14/9/467 AC, The Base, Kashmir
Nur al-Deen scratched his head with puzzlement while Mustafa tapped his fingers with irritation. Both men watched underlings mark the large map of Pashtia that hung on one rocky wall deep in their underground complex near the Pashtian border. Each mark represented a group of mujahadin with which he had lost contact or with which his headquarters still had communications. There were many more of the former than of the latter. The rest? Were they dead? Hiding? Engaged? He didn't, couldn't, know.
"You know," he muttered, "I am really beginning to hate this group of infidels."
After tugging absentmindedly at his beard for a few minutes, and playing with his worry beads for a few more, Mustafa stood and returned to his quarters. Once there, he closed the door behind him, went to a small casket and removed from it the device given him by High Admiral Robinson for direct communication.

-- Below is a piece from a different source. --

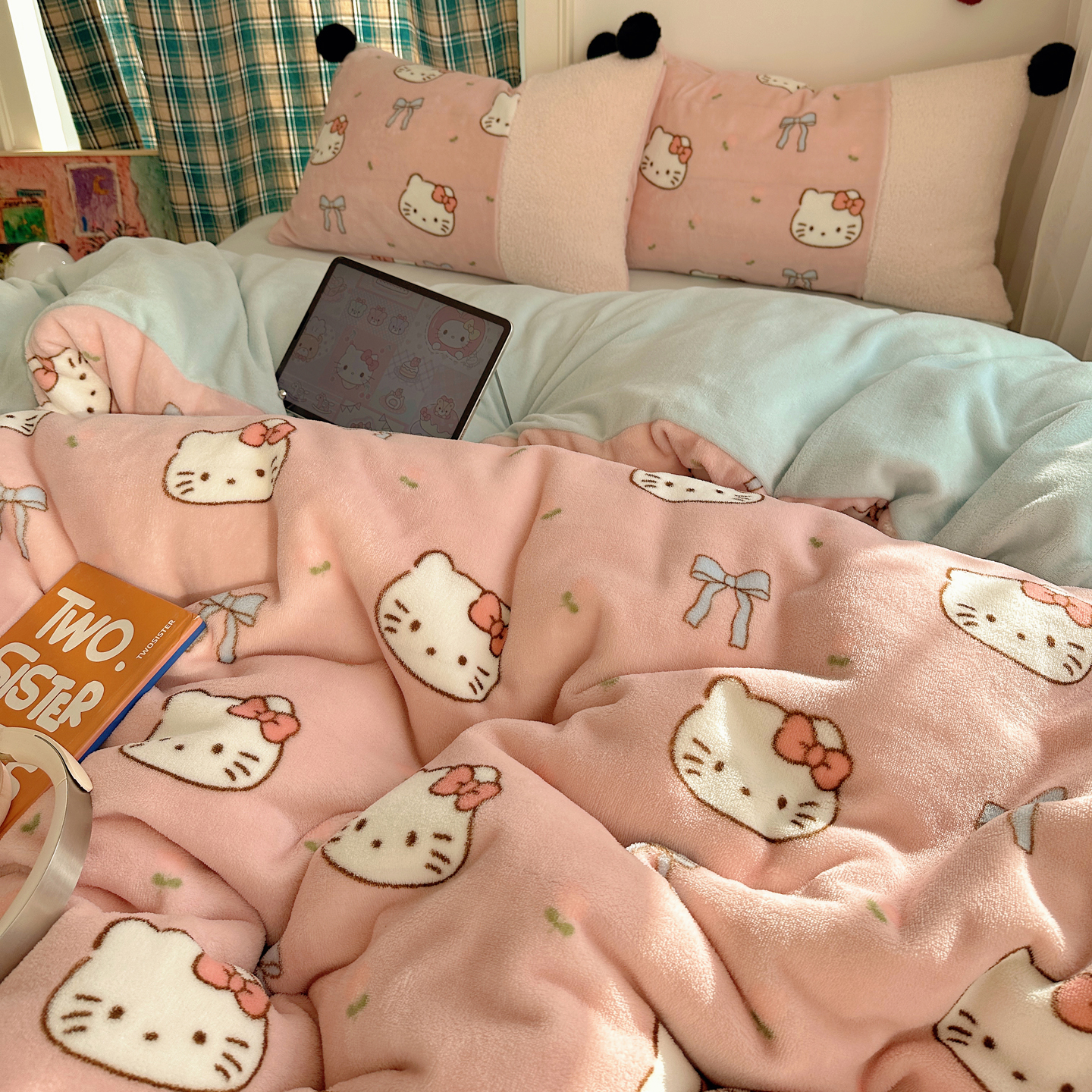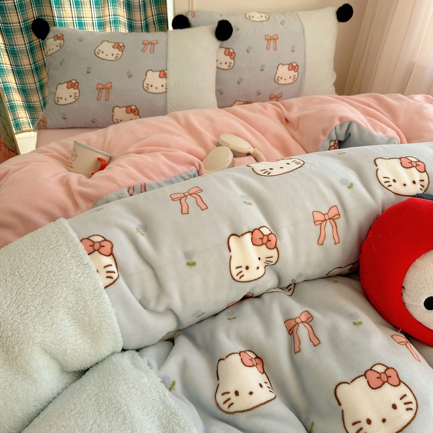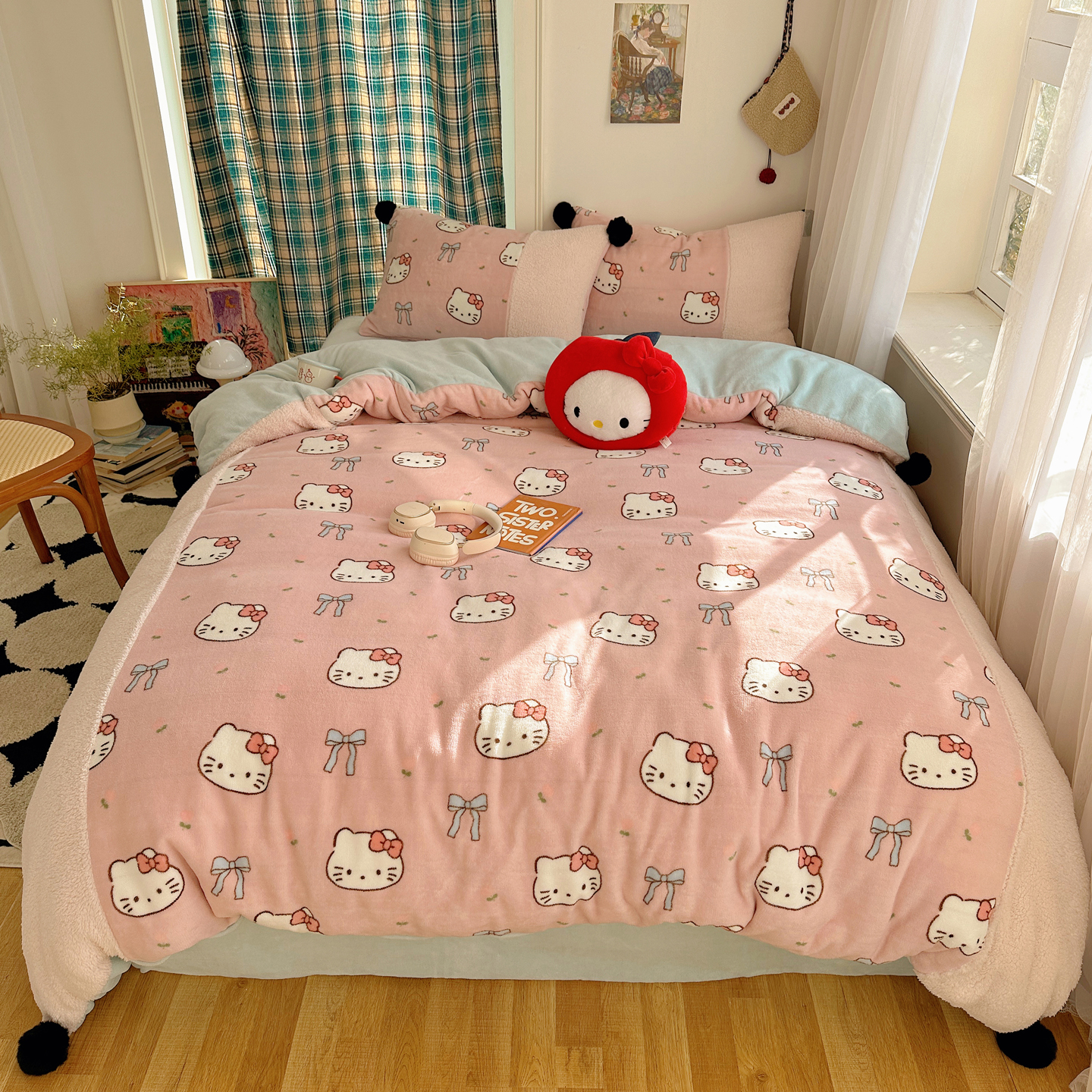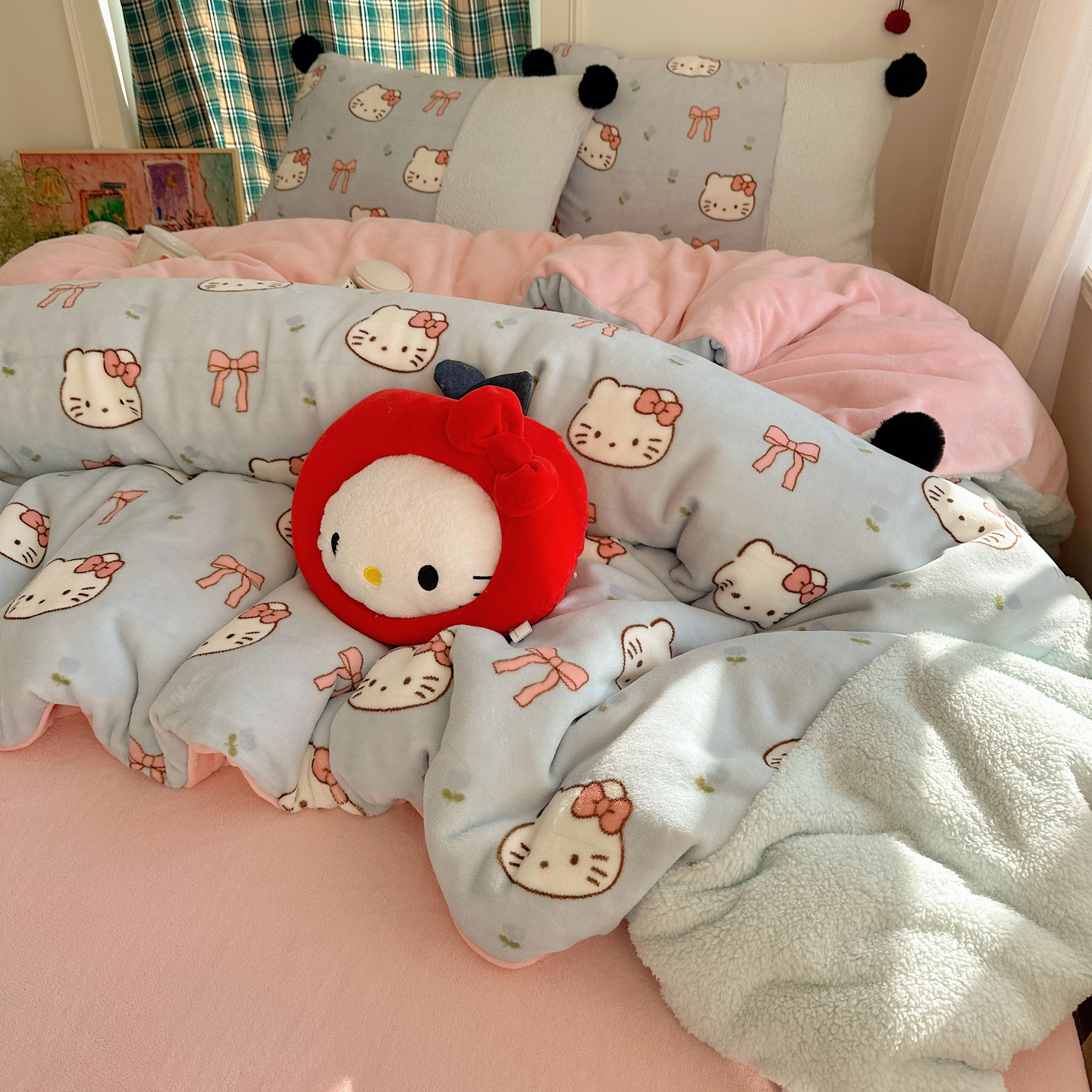 (总)顾里家纺 2025新款甜风毛球羊羔拼接牛奶绒蝴蝶结花猫系列四件套,花猫粉,花猫黄,花猫蓝,花猫紫
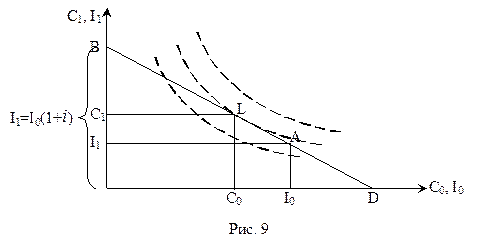 Пусть индивид имеет фиксированные размеры дохода: I0 – доход в текущем периоде, а I1 – доход в будущем периоде. При этом С0 – потребление в текущем периоде, а С1 – потребление в будущем периоде. Индивид может выбрать любую комбинацию объемов потребления в текущем и будущем периоде, лежащую на линии ВD (см. рис. 9) его бюджетного ограничения. Тем самым формирование предложения заемных средств со стороны индивида идет на основе его кривых безразличия в отношении будущего и текущего потребления и дохода; i на графике – ставка процента.

"Robinson here, Mustafa. I see the problem."
"Seeing does me little good," Mustafa snarled. "What is it? What can you do about it?"
"They're using EMP—electro-magnetic pulse—bombs, frying the internal workings of your phones and radios," the High Admiral answered. "I can't do anything about it. We have none aboard the fleet and the only things I do have that can generate electro-magnetic pulse are nuclear weapons. As we've discussed, I can't use those. Given time and warning, which I didn't have"—time to have a little chat with Intelligence, I think—"we could have hardened your radios and phones against them. Even now I can send you some simple methods to protect what you have in the north of the country. But the southern part? No, too late. We could manufacture some EMP bombs ourselves and slip them to you, but not in time to do you any good. I can advise you of enemy movements from up here but . . . "
"But I have no way to get the information to my fighters on the ground," Mustafa finished. "They'll have to escape on their own."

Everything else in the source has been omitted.